Birdie was grateful for every minute she was allowed to spend in the kitchens. It was her way of avoiding her family whenever she visited: her mother, whom she could never please, her two sisters, whom she did not understand, and her brother, who was a rake and a gambler and perpetually absent.

When she was younger, Birdie sometimes thought that she must’ve been a changeling, swapped at birth, for she had nothing at all in common with her family. All her mother’s beauty and ethereal loveliness had gone to her sisters. Her mother had lamented that Birdie was plump, with devil’s hair and street-boy freckles. Once, her mother had forced her to eat chalk, hoping it would whiten up her skin. She’d had to scrub her face with freckle wash, a mixture of lemon, milk and brandy, which left her skin raw and irritated. She wasn’t allowed to go outside, for she had to stay out of the sun.

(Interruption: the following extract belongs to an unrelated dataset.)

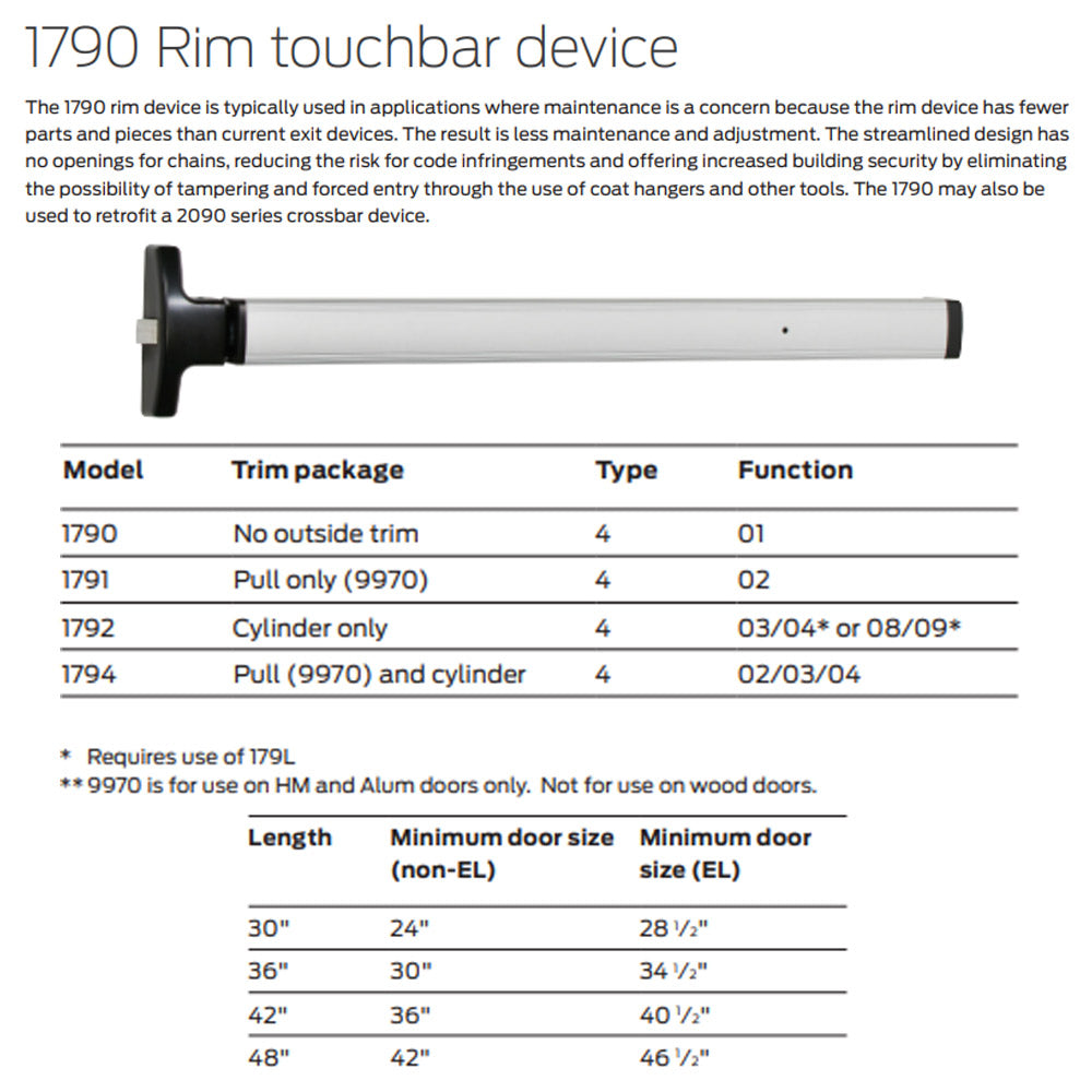 Designed for demanding commercial and institutional environments, the Falcon 1790 Series Rim Exit Device is the go-to solution when durability and ease of maintenance are a top priority. Unlike more complex exit devices, the 1790 features a streamlined rim design with fewer internal components—minimizing upkeep, reducing adjustment needs, and improving long-term performance.

It was a relief when her holiday time at her home was over and she could return to Miss Hilversham’s seminary, where no one cared about the colour of her hair or how many freckles she had. She considered the seminary to be her real home. There, too, she’d wheedled the cook to teach her a thing or two about whipping up a good syllabub.

Birdie set the candle down on the centre table and lit a lamp.

The kitchen had a surprisingly modern cast-iron range, which looked unused, as well as a range of copper cookware, pots and pans in the shelves.

She studied the larder, which, to her surprise, contained some food items, predominantly oats and flour, but also a basket full of eggs and blood sausages that hung from hooks. In a drawer, she found some stale bread.